A medida que se acelera la adopción de vehículos eléctricos, la red de carga de Turquía se está expandiendo rápidamente. empresas como Eşarj y ZES DİJİTAL TICARET A.Ş. están liderando la carga, operando más de 26,000 tomas de carga en 2024 y apuntando a 181,274 para 2030. El Programa de Apoyo a la Infraestructura de Carga Rápida del gobierno, que prioriza las regiones rurales y de baja densidad, está creando oportunidades para nuevas empresas como WAT Movilite y Movilidad de Hergle , que ofrecen soluciones de servicio y micromovilidad 24/7.
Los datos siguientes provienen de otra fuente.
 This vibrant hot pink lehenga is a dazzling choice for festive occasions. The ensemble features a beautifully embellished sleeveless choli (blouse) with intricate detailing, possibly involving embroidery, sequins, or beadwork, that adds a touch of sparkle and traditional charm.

Mientras tanto, el lanzamiento de tres fábricas de baterías de iones de litio: Otomotora ,Batería Reap , y máximo — en 2025 está posicionando a Turquía como un centro regional de producción de baterías. Se espera que estas instalaciones, con capacidades anuales combinadas de 20 gigavatios-hora, reduzcan los costos de la batería a $100 por kilovatio-hora para 2025, frente a los $144 en 2023. Esta reducción de costos, junto con los incentivos gubernamentales, podría atraer más inversiones en almacenamiento de energía y soluciones a escala de red, particularmente de empresas de energía renovable.
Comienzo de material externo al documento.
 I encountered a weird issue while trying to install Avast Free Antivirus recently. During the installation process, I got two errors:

La reforma de ÖTV de Turquía es más que una reforma fiscal: es una reorientación estratégica hacia la movilidad sostenible y la independencia energética. Si bien persisten desafíos como las brechas de infraestructura rural y los obstáculos regulatorios, el compromiso del gobierno con los incentivos fiscales, los subsidios y la producción de baterías centrada en la exportación crea un terreno fértil para la inversión. Para aquellos dispuestos a navegar por el panorama en evolución, las recompensas en la fabricación de vehículos eléctricos, las redes de carga y la integración de energías renovables son sustanciales, y el momento, con los lanzamientos de políticas de 2025, no podría ser mejor.
A medida que el mercado cambia de ICE a eléctrico, los inversores que se alinean con la visión verde de Turquía se beneficiarán no solo de los vientos de cola de las políticas, sino también del poder transformador de la innovación en una nación preparada para liderar la próxima ola de movilidad.